Information shown section start

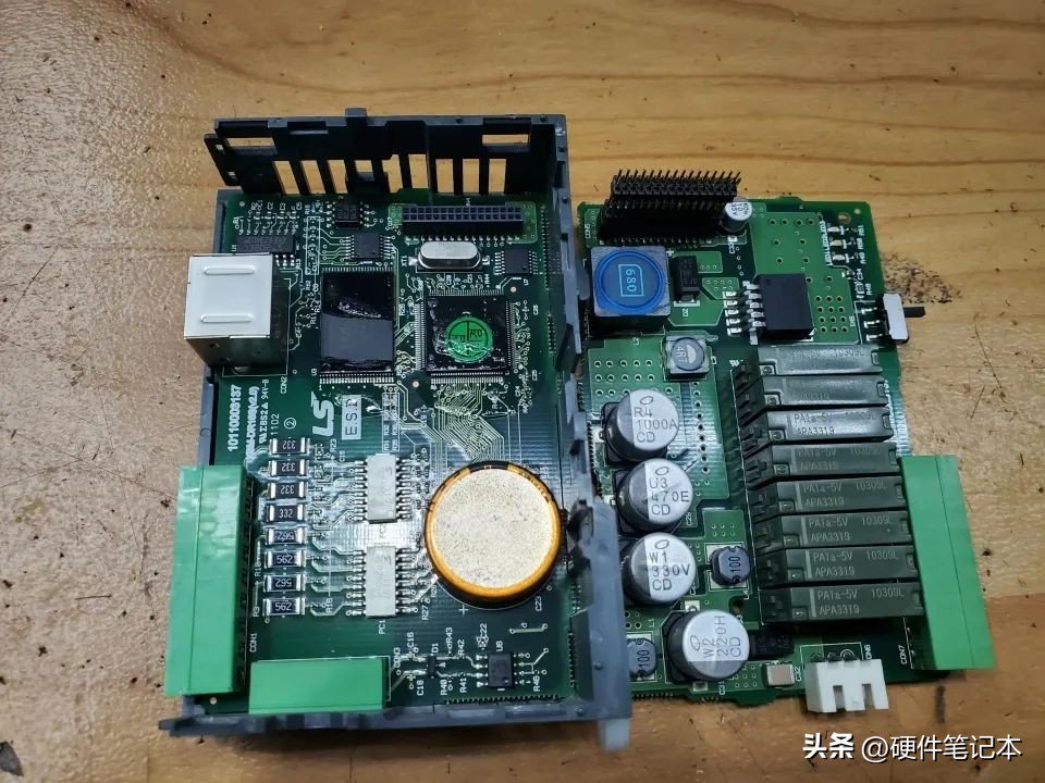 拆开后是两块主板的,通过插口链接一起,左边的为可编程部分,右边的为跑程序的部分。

Information shown section end
Information shown section start

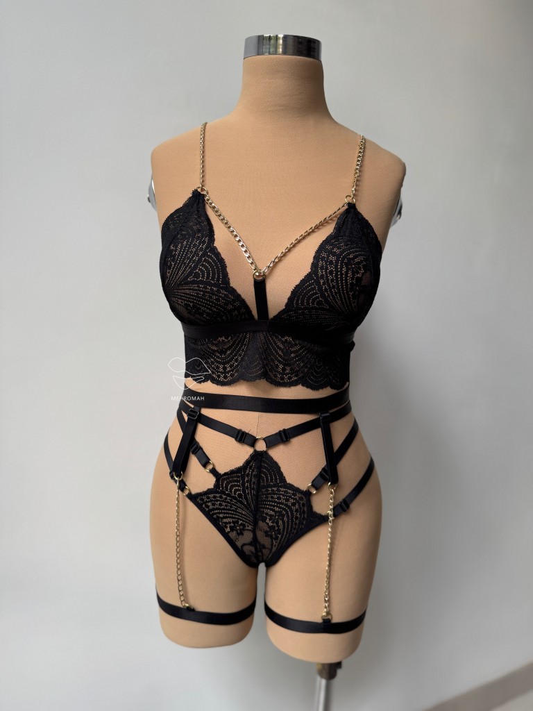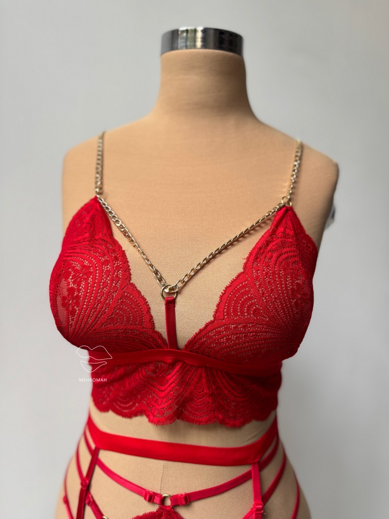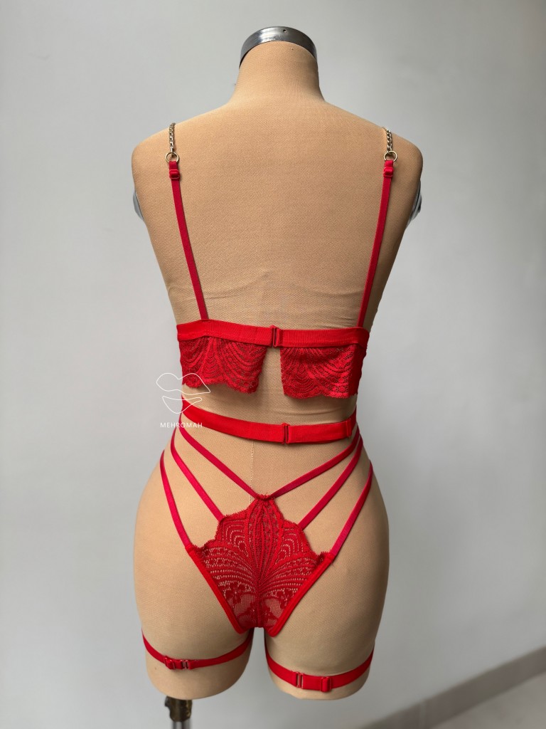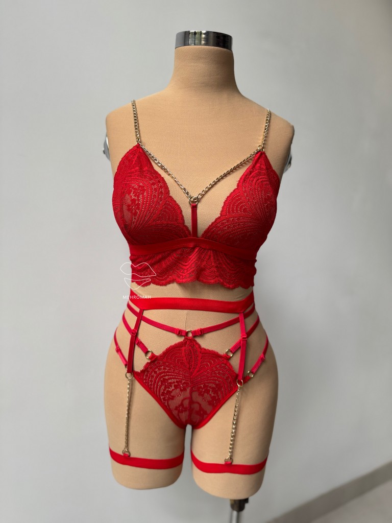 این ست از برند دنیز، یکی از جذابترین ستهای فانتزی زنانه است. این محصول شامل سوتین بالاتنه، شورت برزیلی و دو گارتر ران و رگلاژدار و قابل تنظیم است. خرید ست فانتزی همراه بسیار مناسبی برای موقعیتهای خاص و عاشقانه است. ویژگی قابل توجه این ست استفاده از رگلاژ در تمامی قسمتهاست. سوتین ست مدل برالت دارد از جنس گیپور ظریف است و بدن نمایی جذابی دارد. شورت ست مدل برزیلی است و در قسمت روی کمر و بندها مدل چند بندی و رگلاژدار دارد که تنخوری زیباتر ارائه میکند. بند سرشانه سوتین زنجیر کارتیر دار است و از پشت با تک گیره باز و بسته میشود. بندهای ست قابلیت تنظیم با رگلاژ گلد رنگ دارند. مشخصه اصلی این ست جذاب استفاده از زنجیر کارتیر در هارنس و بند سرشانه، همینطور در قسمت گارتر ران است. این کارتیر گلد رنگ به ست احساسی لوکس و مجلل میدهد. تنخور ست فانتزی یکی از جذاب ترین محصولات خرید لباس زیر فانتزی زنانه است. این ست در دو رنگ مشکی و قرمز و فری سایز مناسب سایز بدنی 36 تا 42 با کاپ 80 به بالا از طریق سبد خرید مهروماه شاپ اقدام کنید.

Information shown section end
Information shown section start

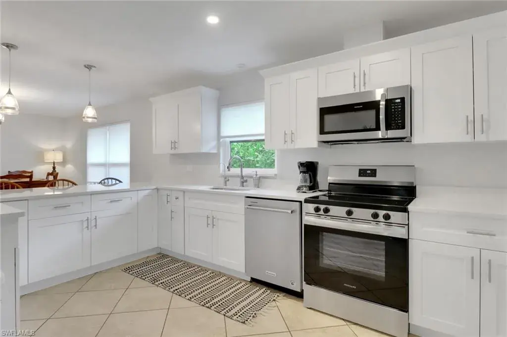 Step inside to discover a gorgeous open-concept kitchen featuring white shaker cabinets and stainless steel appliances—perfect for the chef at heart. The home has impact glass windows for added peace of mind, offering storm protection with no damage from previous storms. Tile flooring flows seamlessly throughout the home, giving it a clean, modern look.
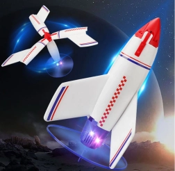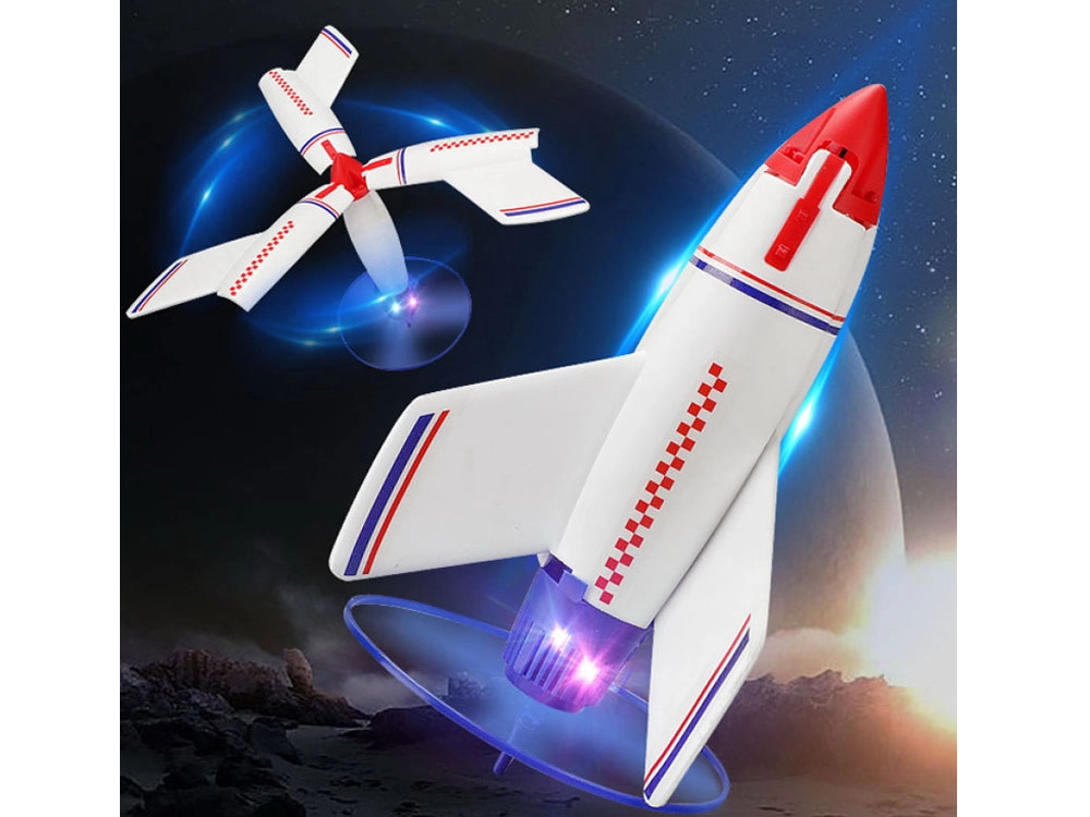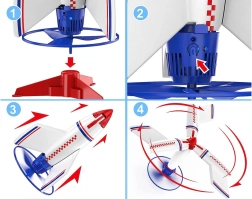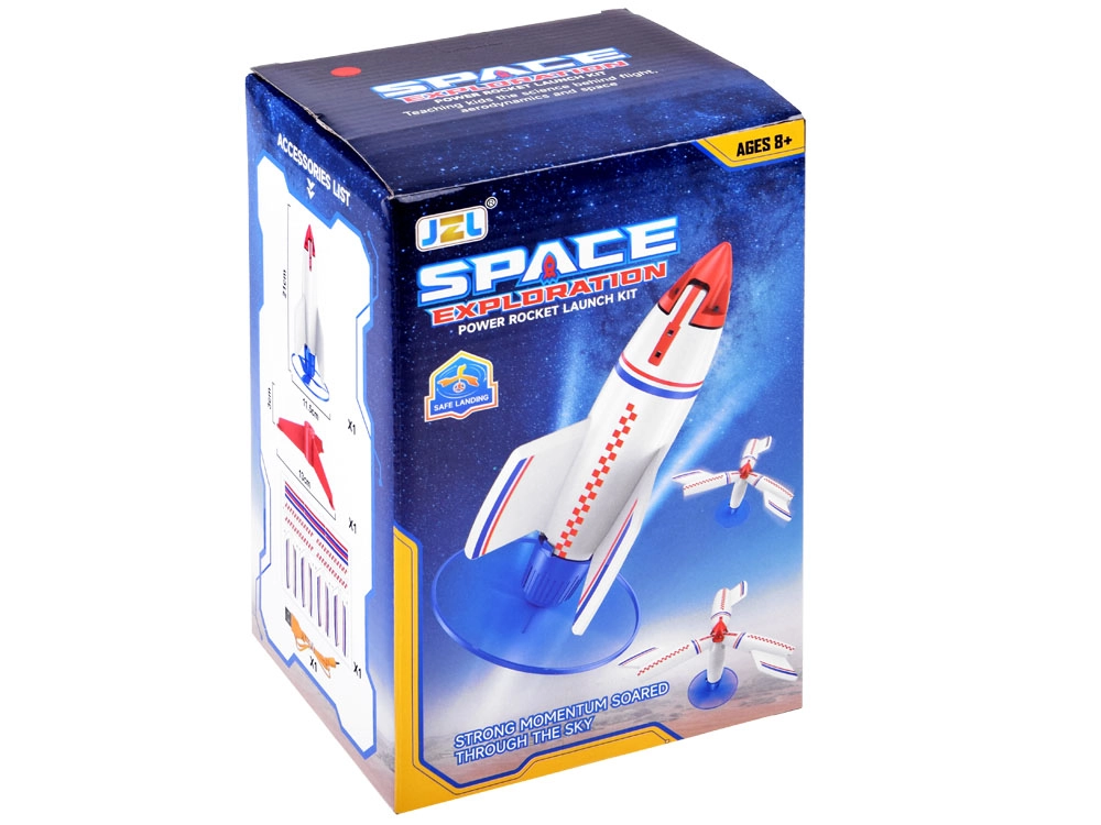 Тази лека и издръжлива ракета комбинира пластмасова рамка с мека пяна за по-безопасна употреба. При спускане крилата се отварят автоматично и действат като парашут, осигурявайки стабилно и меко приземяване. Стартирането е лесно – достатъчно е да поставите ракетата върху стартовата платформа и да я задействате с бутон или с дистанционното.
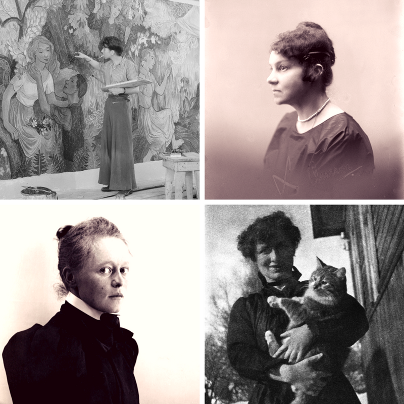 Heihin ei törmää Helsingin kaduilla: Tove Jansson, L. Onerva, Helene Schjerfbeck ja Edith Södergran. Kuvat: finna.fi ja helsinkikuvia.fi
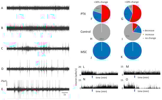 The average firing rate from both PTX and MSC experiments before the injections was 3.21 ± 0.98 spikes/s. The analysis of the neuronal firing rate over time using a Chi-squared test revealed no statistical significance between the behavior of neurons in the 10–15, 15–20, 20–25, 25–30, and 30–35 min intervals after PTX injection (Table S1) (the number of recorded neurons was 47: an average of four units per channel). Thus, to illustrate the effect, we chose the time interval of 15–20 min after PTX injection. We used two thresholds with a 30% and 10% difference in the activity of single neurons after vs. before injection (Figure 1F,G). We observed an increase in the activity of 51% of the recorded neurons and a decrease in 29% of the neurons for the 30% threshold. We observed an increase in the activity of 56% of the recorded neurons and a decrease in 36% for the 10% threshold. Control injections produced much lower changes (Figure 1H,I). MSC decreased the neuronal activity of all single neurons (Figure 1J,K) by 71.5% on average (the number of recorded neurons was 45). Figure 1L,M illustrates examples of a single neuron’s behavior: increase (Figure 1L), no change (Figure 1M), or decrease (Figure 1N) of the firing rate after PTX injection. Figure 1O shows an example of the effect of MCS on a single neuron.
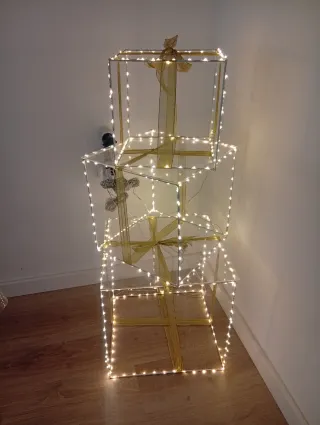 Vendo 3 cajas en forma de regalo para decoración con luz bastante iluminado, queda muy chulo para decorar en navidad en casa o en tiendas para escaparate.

Information shown section end

Reproduce the lines above starting at the one with "Тази лека и" and ending at the one with "Vendo 3 cajas", both included, exactly and with no pictures.

== Expected answer ==
 Тази лека и издръжлива ракета комбинира пластмасова рамка с мека пяна за по-безопасна употреба. При спускане крилата се отварят автоматично и действат като парашут, осигурявайки стабилно и меко приземяване. Стартирането е лесно – достатъчно е да поставите ракетата върху стартовата платформа и да я задействате с бутон или с дистанционното.
 Heihin ei törmää Helsingin kaduilla: Tove Jansson, L. Onerva, Helene Schjerfbeck ja Edith Södergran. Kuvat: finna.fi ja helsinkikuvia.fi
 The average firing rate from both PTX and MSC experiments before the injections was 3.21 ± 0.98 spikes/s. The analysis of the neuronal firing rate over time using a Chi-squared test revealed no statistical significance between the behavior of neurons in the 10–15, 15–20, 20–25, 25–30, and 30–35 min intervals after PTX injection (Table S1) (the number of recorded neurons was 47: an average of four units per channel). Thus, to illustrate the effect, we chose the time interval of 15–20 min after PTX injection. We used two thresholds with a 30% and 10% difference in the activity of single neurons after vs. before injection (Figure 1F,G). We observed an increase in the activity of 51% of the recorded neurons and a decrease in 29% of the neurons for the 30% threshold. We observed an increase in the activity of 56% of the recorded neurons and a decrease in 36% for the 10% threshold. Control injections produced much lower changes (Figure 1H,I). MSC decreased the neuronal activity of all single neurons (Figure 1J,K) by 71.5% on average (the number of recorded neurons was 45). Figure 1L,M illustrates examples of a single neuron’s behavior: increase (Figure 1L), no change (Figure 1M), or decrease (Figure 1N) of the firing rate after PTX injection. Figure 1O shows an example of the effect of MCS on a single neuron.
 Vendo 3 cajas en forma de regalo para decoración con luz bastante iluminado, queda muy chulo para decorar en navidad en casa o en tiendas para escaparate.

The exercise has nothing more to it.